Given the mandatory nature of the exhaustion requirement, proof of a plaintiff's failure to exhaust warrants dismissal of a plaintiff's complaint. See e.g., Johnson v. Thyng, 369 Fed.Appx. 144 (1st Cir.2010); Matthews v. Cordeiro, 256 Fed.Appx. 373 (1st Cir.2007); Acosta v. U.S. Marshals Service, 445 F.3d 509 (1st Cir.2006); Casanova II, 289 F.3d at 147. Plaintiffs, however, are not required to plead exhaustion of administrative remedies. Cruz Berrios II, 630 F.3d at 11; Casanova II, 289 F.3d at 147. Rather, defendants carry the burden of demonstrating that the plaintiff failed to exhaust all available administrative remedies before filing suit. Id. Thus, only once a defendant has decisively proven that (1) administrative remedies were in fact available to the plaintiff, and (2) the plaintiff failed to exhaust them may a case be dismissed on non-exhaustion grounds. See Cruz Berrios II, 630 F.3d at 11; Cf. Casanova v. Dubois, 304 F.3d 75, 77 (1st Cir.2002) (“ Casanova IV ”) (holding that dismissal was not required where defendants failed sufficiently to rebut plaintiff's claim that the prison system systematically refused to process prisoner complaints).
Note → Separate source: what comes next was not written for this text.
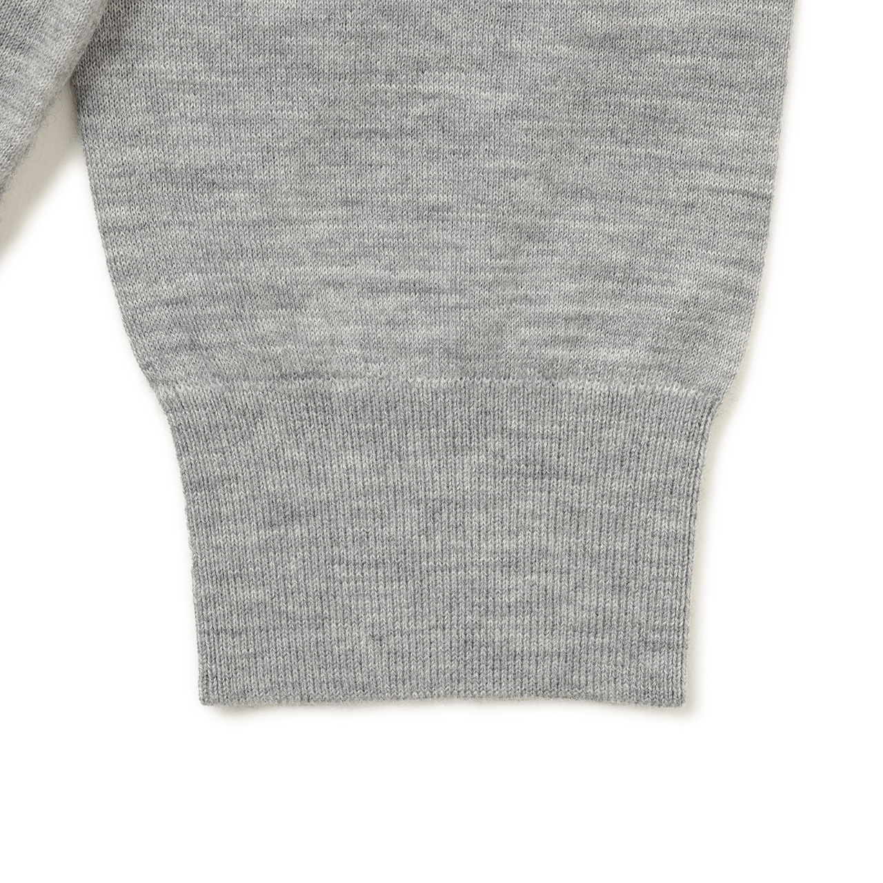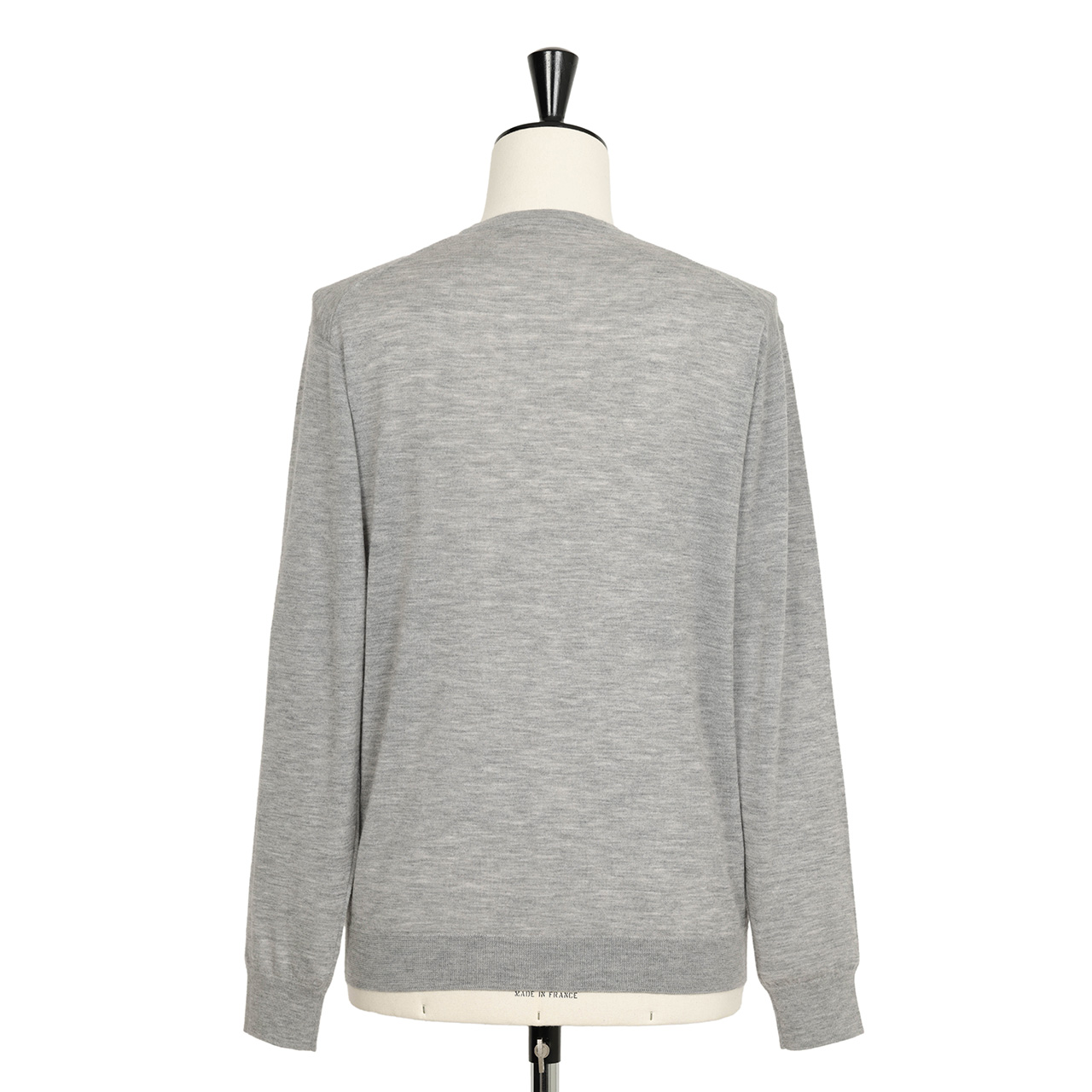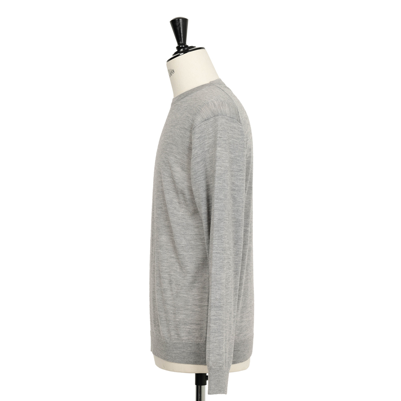 世界最高クラスの繊維長と細さを誇る梳毛糸を用い、極めて繊細で高度な技術で編み立てることにより薄さと強度を兼ね備えた美しいクルーネックニットが生まれました。

III. The PR DOC's Internal Grievance Procedure
The “boundaries of proper exhaustion” in any given case are defined by the prison system's own procedural requirements—not by the PLRA itself—and are a question of law. Jones v. Bock, 549 U.S. 199, 218, 127 S.Ct. 910, 166 L.Ed.2d 798 (2007). Accordingly, to determine the “boundaries of proper exhaustion” the Court must look to the particulars of the PR DOC's internal grievance procedure. Id.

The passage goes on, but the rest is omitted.